YOUR INSTRUCTIONS:
Only the lines below from the one containing "Finally, Marina di" through the one containing "Size: 30 x30, 32x" belong in the answer, set down exactly, with the pictures left out.

RECORDS FOR THE EXERCISE:
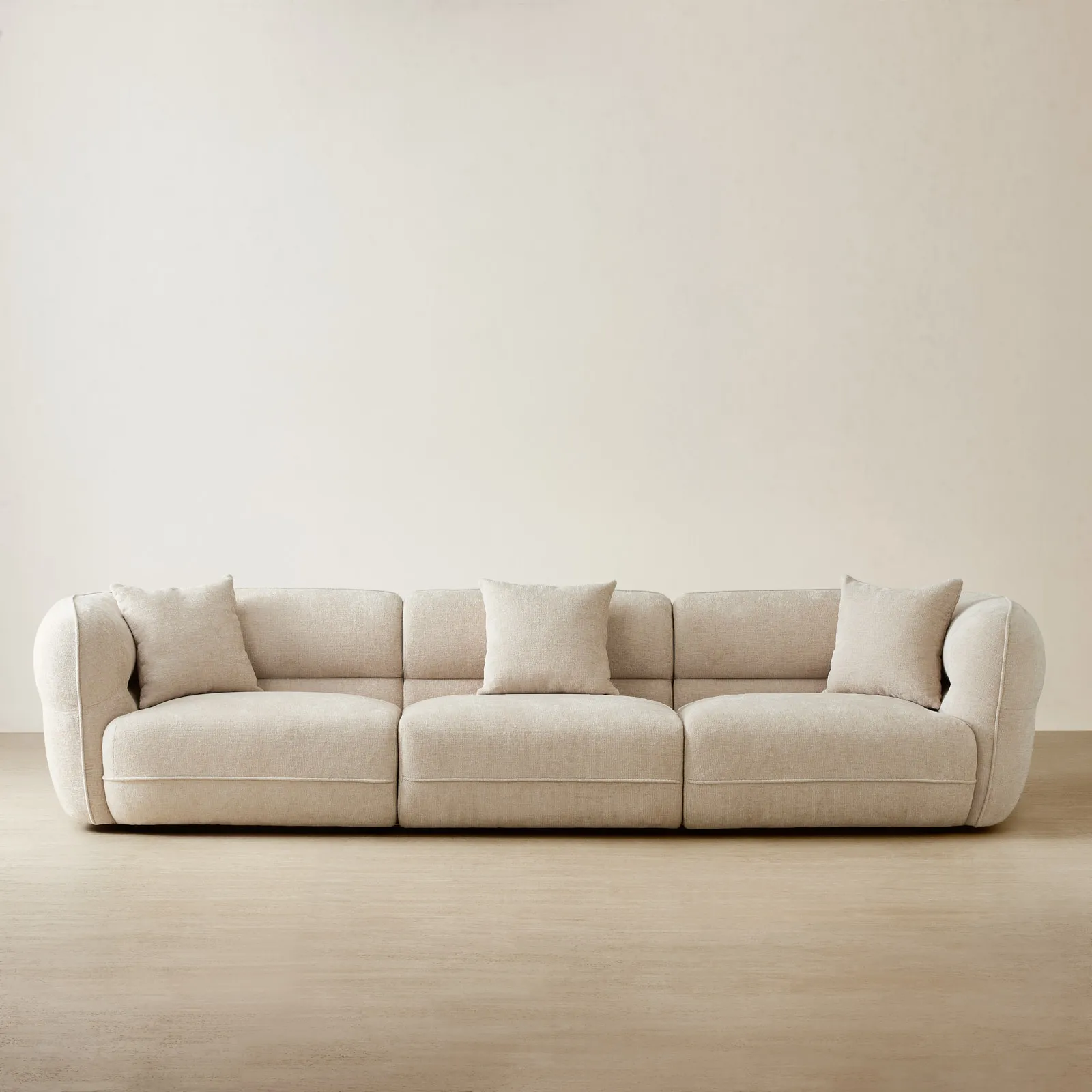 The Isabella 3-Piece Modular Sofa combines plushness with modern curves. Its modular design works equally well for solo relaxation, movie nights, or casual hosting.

---

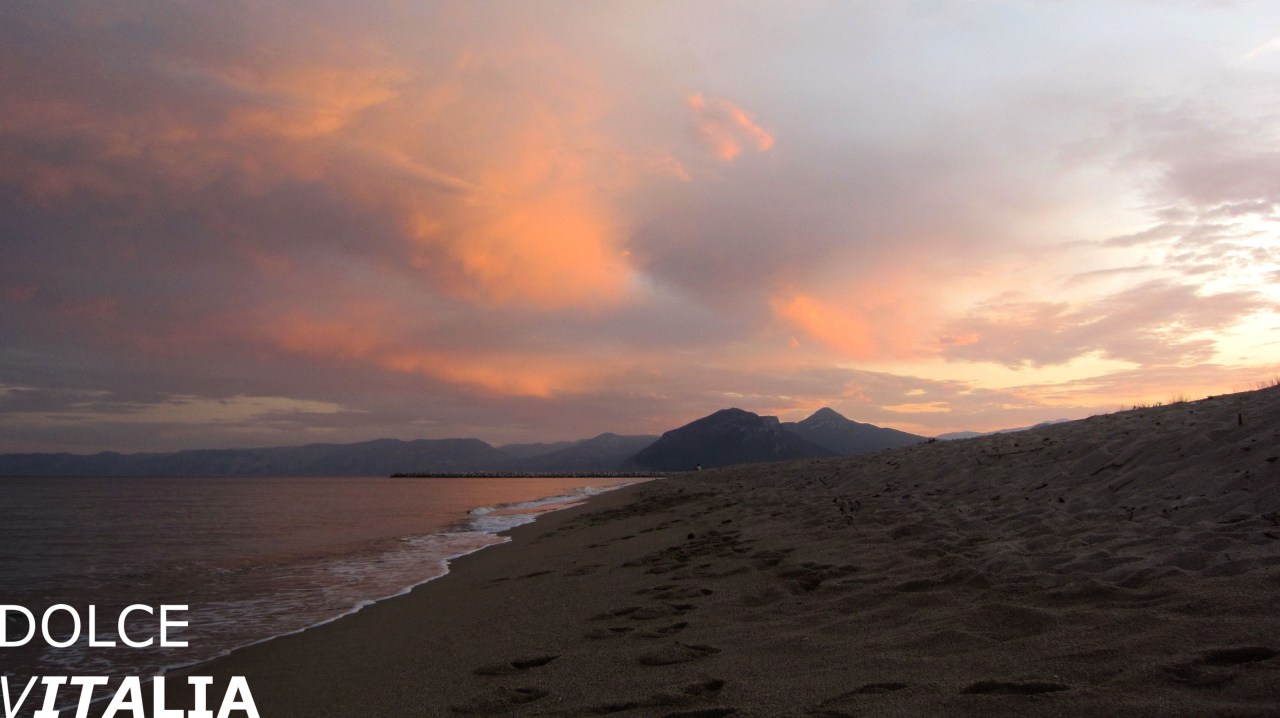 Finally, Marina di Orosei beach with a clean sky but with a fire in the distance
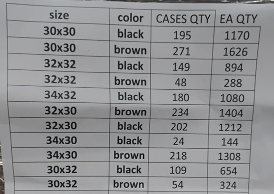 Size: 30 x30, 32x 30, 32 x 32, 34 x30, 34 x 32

ANSWER FOR THIS EXERCISE:
 Finally, Marina di Orosei beach with a clean sky but with a fire in the distance
 Size: 30 x30, 32x 30, 32 x 32, 34 x30, 34 x 32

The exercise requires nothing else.